Evangeline: Greek Goddess Sex Doll — A Personal Rant (With Details)
The Box That Wasn't
You know what’s weird? Waiting four weeks for a package you’re not supposed to talk about. I mean, I’ve ordered plenty of things online—never had to count the days quite like this. Four weeks is just…long enough to second-guess your life choices, but here we are. When the Evangeline doll finally arrived (yes, the so-called “Greek Goddess” sex doll), the box was aggressively plain. Like, offensively blank. No logos, no nothing. If you saw it on my porch you’d think it was printer paper or maybe a lamp from an office supply store.
The discreet packaging thing? That part actually works, if you care about nosy neighbors or roommates who can’t mind their own business. I guess that’s one point for absolute sex dolls and their shipping department.
Heavy Lifting (Literally)
I’m not exactly out of shape but 88 pounds is a lot when it’s shaped like a person and packed in foam. Dragging her up two flights of stairs felt like moving furniture after midnight—awkward angles, unexpected grunts, sweating for reasons you didn’t expect to sweat today.
Her height—5 feet 4 inches—means she doesn’t fold into neat little parcels either. There were moments where I thought: “Did I really need J-cup boobs?” But then again…that’s kind of the point with these big boob dolls, isn’t it?

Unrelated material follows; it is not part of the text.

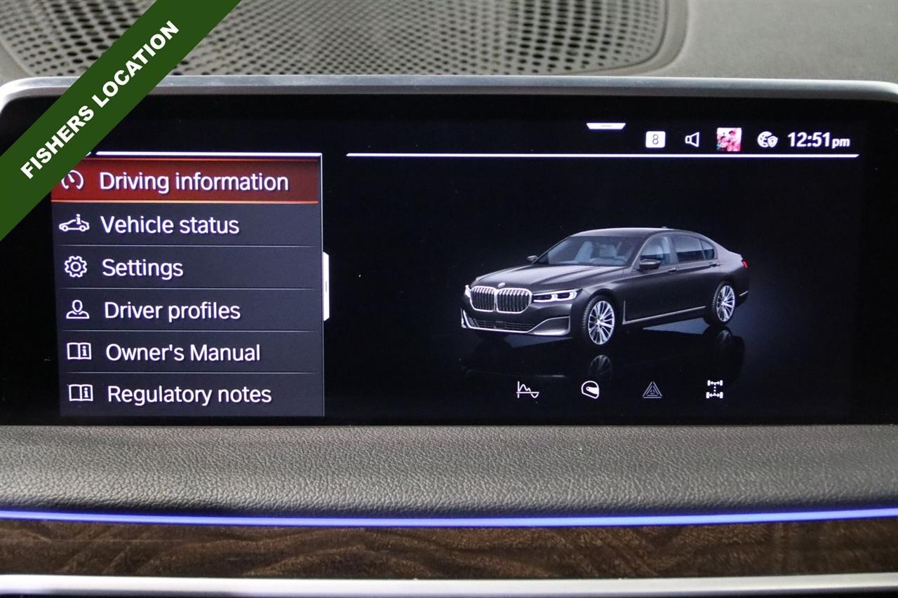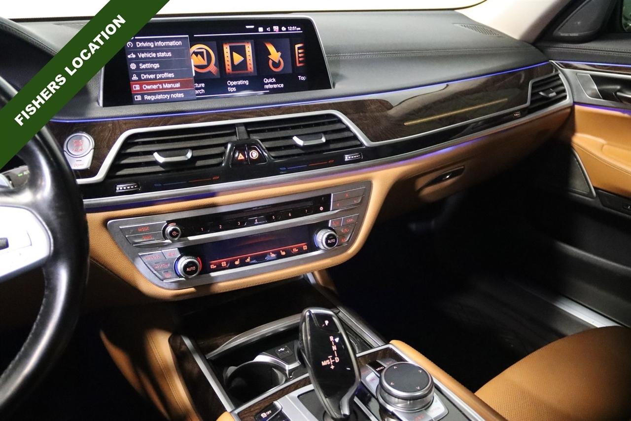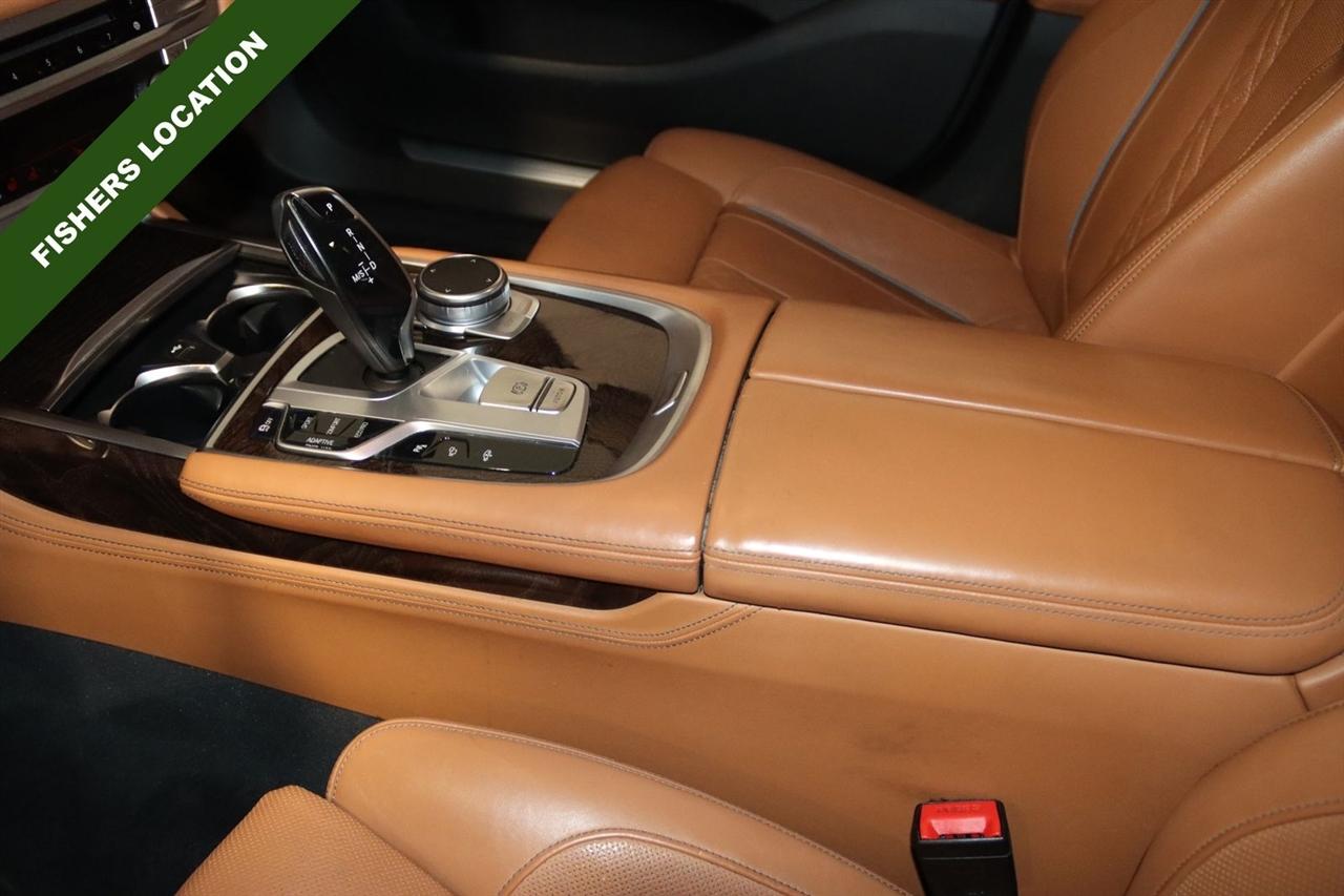 Navigation, Bluetooth, Back Up Camera, Panoramic Roof, Heated Seats, Touch Screen, 16 Speakers, 4-Wheel Disc Brakes, ABS brakes, Adaptive suspension, Air Conditioning, Alloy wheels, AM/FM radio: SiriusXM, Anti-whiplash front head restraints, Apple CarPlay Compatibility, Auto High-beam Headlights, Auto tilt-away steering wheel, Auto-dimming door mirrors, Auto-dimming Rear-View mirror, Auto-leveling suspension, Automatic temperature control, Brake assist, Bumpers: body-color, CD player, Chestnut Wood Trim w/Wooden Inlay, Cold Weather Package, Delay-off headlights, Door auto-latch, Driver door bin, Driver vanity mirror, Dual front impact airbags, Dual front side impact airbags, Electronic Stability Control, Emergency communication system: BMW Assist eCall, Four wheel independent suspension, Front & Rear Heated Seats, Front anti-roll bar, Front Bucket Seats, Front Center Armrest, Front dual zone A/C, Front Massaging Seats, Front reading lights, Front Ventilated Seats, Fully automatic headlights, Garage door transmitter, Genuine wood console insert, Genuine wood dashboard insert, Genuine wood door panel insert, harman/kardon Surround Sound System, harman/kardon® Speakers, Head restraints memory, Heads-Up Display, Heated door mirrors, Heated Front Seats, Heated front seats, Heated Front Seats Armrests & Steering Wheel, Heated steering wheel, Illuminated entry, Knee airbag, Leather Shift Knob, Leather steering wheel, Low tire pressure warning, Memory seat, Multi-Contour Seats, Navigation System, Occupant sensing airbag, Outside temperature display, Overhead airbag, Overhead console, Panic alarm, Passenger door bin, Passenger vanity mirror, Perforated Nappa Leather Upholstery, Power adjustable front head restraints, Power door mirrors, Power driver seat, Power moonroof, Power passenger seat, Power steering, Power windows, Radio data system, Radio: AM/FM/HD w/In-Dash Single CD, Rain sensing wipers, Rear air conditioning, Rear anti-roll bar, Rear dual zone A/C, Rear reading lights, Rear seat center armrest, Rear Window Blind, Rear window defroster, Remote Engine Start, Remote keyless entry, Security system, SiriusXM Satellite Radio, Speed control, Speed-sensing steering, Speed-Sensitive Wipers, Sport steering wheel, Steering wheel memory, Steering wheel mounted audio controls, Tachometer, Telescoping steering wheel, Tilt steering wheel, Traction control, Trip computer, Variably intermittent wipers, Weather band radio, Wheels: 19" x 8.5" Double-Spoke Style 630.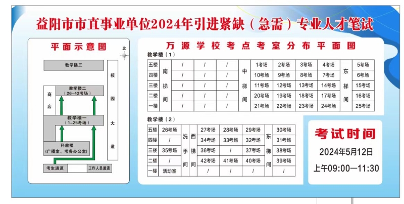 本次笔试考点为益阳万源职业技术学校(原益阳市赫山区万源学校)。

Anatomy Lessons Nobody Asked For
Evangeline has proportions that don’t exist in real life (at least not in my zip code). Bust at 33 inches, under-bust at 23.6 inches, waist barely over 22 inches—hips at almost 38? It’s cartoonish but also sort of fascinating in a way you don’t admit out loud.
And then there are numbers nobody tells you about until they matter: vagina depth is apparently 7.1 inches; anus is 6.3 inches deep (don’t ask how they measure that—I assume some sort of specialized ruler?). These specs are plastered all over absolute sex dolls’ site as if everyone keeps a spreadsheet comparing hole depths.
Movable Joints & Steel Skeletons
Another thing that surprised me: steel skeleton inside means movable joints everywhere—shoulders, elbows, knees all bend pretty realistically but also make small clicks sometimes which is…unsettling late at night when everything else is quiet.
Setting her up takes longer than expected because joints fight back a bit—you want her legs straight and suddenly she’s in some accidental yoga pose instead.
But hey: once she’s posed right those long legs look good stretched across messy sheets or propped against the wall while you pretend none of this bothers you as much as it does.
Not Exactly Maintenance-Free
Silicone skin looks great under certain light—a little shiny under others—but fingerprints stick around unless you wipe her down every time (which gets old fast). Full silicone means durability though; feels better than TPE stuff I tried before (less sticky somehow).
Cleaning after use…well let’s just say nobody talks about that part enough. There are holes and crevices and even with removable inserts things get complicated quickly if you’re not careful or just tired after everything else.
Processing Time Is What It Is
Three weeks processing plus another week shipping—that timeline isn’t negotiable apparently. Maybe it gives them time to build each doll by hand? Or maybe they just want people to marinate in panic for thirty days before delivery lands on your doorstep with no warning except an email from DHL written entirely in lowercase letters.
Would be nice if there was tracking info sooner though; mine updated only after customs already had questions nobody wants to answer honestly (“what exactly IS this item?”).
Off On A Tangent About Big Boobs & Realism
There’s something strange about seeing big breasts and hips on something so still—it messes with your brain slightly when reality collides with fantasy hard enough to leave bruises (metaphorically speaking). Sometimes I catch myself staring too long trying to decide if this was worth all the effort or if I should have spent less money fixing my car instead.
But then again—the whole point is fantasy right? Juicy curves, long legs draped across your bed like some silent sculpture built for one purpose only…maybe two purposes depending how creative you get on weekends alone.
Anyway—I keep thinking there should be more honest reviews out there for these absolute sex dolls instead of endless lists and perfect photoshopped promo shots nobody believes anyway. Maybe this helps someone else feel less weird about wanting something both ridiculous and oddly comforting at the end of another very regular day.
That’s probably enough rambling for now—I’ll figure out storage solutions later because frankly she takes up more space than expected (should’ve measured twice).
customer reviews
Absolutely love this doll. quality is outstanding and arrived faster than expected. highly recommend!
Best investment i've made this year. she's even better than the photos. very satisfied.
Absolutely love this doll. quality is outstanding and arrived faster than expected. highly recommend!
Absolutely love this doll. quality is outstanding and arrived faster than expected. highly recommend!
Exceeded my expectations in every way. the details are incredible and she feels very realistic.